Сегодня был Островский. Он очень интересен, когда в духе. Говорит увлекательно, хотя и просто, и при этом улыбается такою милою и задушевною улыбкою, какую редко можно встретить. Он рассказывал свою аудиенцию у государя, который произвел на него очень хорошее впечатление своею простотою и улыбкою. Он встал и шел навстречу, когда Островский входил, взял его за руку и посадил, спрашивал, почему так мало хороших пьес, говорил, что надо поощрять молодые таланты и проч. Раза четыре повторил, как ему приятно познакомиться с Островским. Александр Николаевич разговорился со мною о купечестве, о Ветлуге, о Коновалове, об Андреевском, казанском губернаторе. Этот Андреевский пьет и пляшет с купцами и гонит дворянство. Министры заезжают к Коновалову, Катков его любит. Коновалов держит в руках целые тысячи населения и миллионер.
Хорошо сказал Островский: «Эти купцы из мужиков - рослые, сын его - низкий, с короткой шеей, а внук - гусар. Вот и родословие». Хранители старого - женщины. Они долговечнее мужчин и потому старые порядки помнят и держат в семьях. В некоторых их по четыре - все бабушки. Сыновья учатся у англичан, дочери и жены выписывают наряды прямо из Парижа, экипажи, лошади - все прелесть. Две противоположности: миллионер из мужиков в длинных сапогах, штаны в них, длинный сюртук, и его дети и семья - все по последней моде. Старуха с повязанной головой вместе с ушами - и внучки в шляпке последней моды. Но элегантная барыня крестится истово, занося два пальца за плечо, по древнему благочестию.
- Отчего вы не выведете это в комедии?
- Я мало знаю их, то есть я с ними не общался, не знаю их душу... Московские купцы меня очень любят.
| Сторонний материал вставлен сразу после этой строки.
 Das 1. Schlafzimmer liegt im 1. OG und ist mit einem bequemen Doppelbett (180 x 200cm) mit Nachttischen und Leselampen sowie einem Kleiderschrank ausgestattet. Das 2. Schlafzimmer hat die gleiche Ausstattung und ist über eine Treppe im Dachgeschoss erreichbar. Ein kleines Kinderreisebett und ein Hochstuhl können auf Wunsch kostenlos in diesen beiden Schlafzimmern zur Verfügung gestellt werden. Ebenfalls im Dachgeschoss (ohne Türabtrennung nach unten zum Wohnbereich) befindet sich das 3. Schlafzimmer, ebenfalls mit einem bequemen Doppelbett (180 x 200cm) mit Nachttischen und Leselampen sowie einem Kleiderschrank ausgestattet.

Но фабриканты, эти нет. Они мои комедии называют «критикою» и театр не любят. Для них театр - арфистки и шампанское. Мозги еще грубые и нервов нет.
7 июня.
Тула. Вчера с Бурлаком был у Л. Н. Толстого. Приехали - никого не было дома, кроме гувернанток. Мы поехали по селу. Встречаем баб. «Не видали ли графа? - Он пошел гулять, но не знаем, в какую сторону. - Где ему гулять? Нешто у него мало дела. Теперь рабочая пора. Верно, где скирдит или косит».
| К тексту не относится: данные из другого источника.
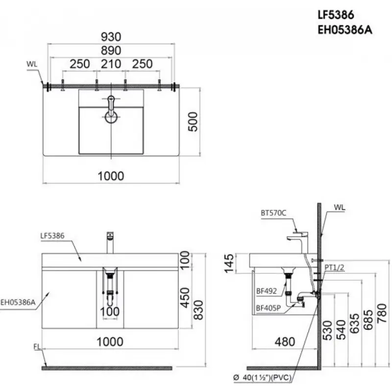 Bộ tủ lavabo treo tường Caesar LF5386/EH05386AV màu trắng
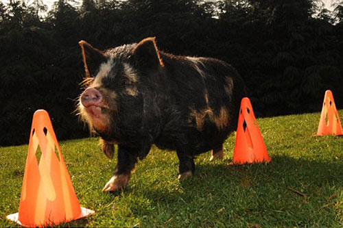 現(xiàn)在“蘇”已學(xué)會(huì)按照指令與人握手,通過(guò)隧道、在圓錐體周?chē)@行,爬上坡道,甚至能完成從一數(shù)到八的數(shù)數(shù)!疤K”的主人溫迪-斯科達(dá)摩里稱(chēng),“蘇”很有天賦。她相信,“蘇”不僅能在靈活性測(cè)試中擊敗犬類(lèi),而且能像一部電影中的明星豬那樣學(xué)會(huì)如何管理羊群。
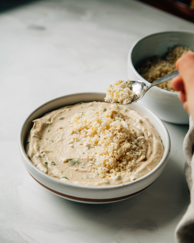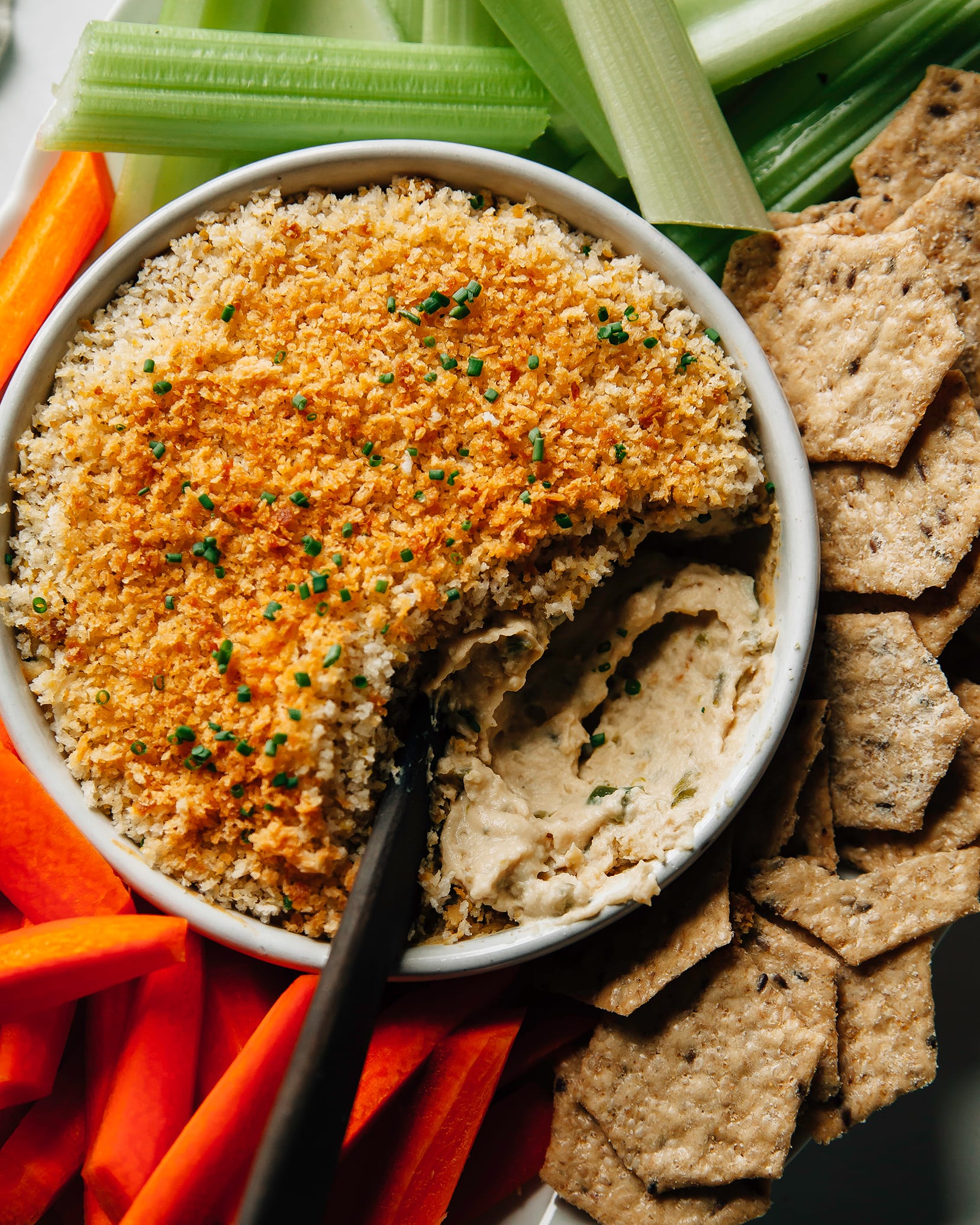 The base is mostly white beans, some cashews, lots of lemon, spices, my all-time favourite thing ever nutritional yeast, miso, and some well-charred jalapeños. Ours turned out HOT because I got a little cocky with the amount of seeds that I decided to include, oops! It was still so delicious and like a lot of spicy snacks, it’s hard to stop eating it. You can control the level of spice, by omitting or including however many seeds/inner membranes of the peppers that you can handle. It tastes even better the next day if you’re planning to make it ahead. Just save the breadcrumb and baking step for right before your serving time.

Мы передали это графу, когда он пришел.
- Спасибо бабам за доброе мнение обо мне, - сказал он.
Перед отъездом на дворе Бурлак повторил ему о бабах. Лев Николаевич стал говорить, что действительно совестно становится гулять, когда видишь, как народ занят с утра до вечера. «У него надо учиться работе и терпению. Всякая помощь ему нужна. Тут только выбирай. Муж и жена на работе, ребятишки дома одни с куском черствого хлеба. Если моя дочь пойдет посидеть с ними, и то помощь. Как они переносят несчастья, только удивляться можно. У меня выгорел целый конец в деревне. Бедствие было ужасно. Я хотел им что-нибудь предложить. Мне было совестно. Я пошел к знакомому мужику с задов. У старика было 60 колодок пчел - он любил это дело страстно. Сосед дал ему одну колодку. Иду, смотрю, он копается у этой колодки, весь сосредоточившись у этого дела, точно у него все остальное цело. Я собрал мужиков и предложил им помощь. Они это приняли, но как будто этого и не надо было, само собой бы поправилось».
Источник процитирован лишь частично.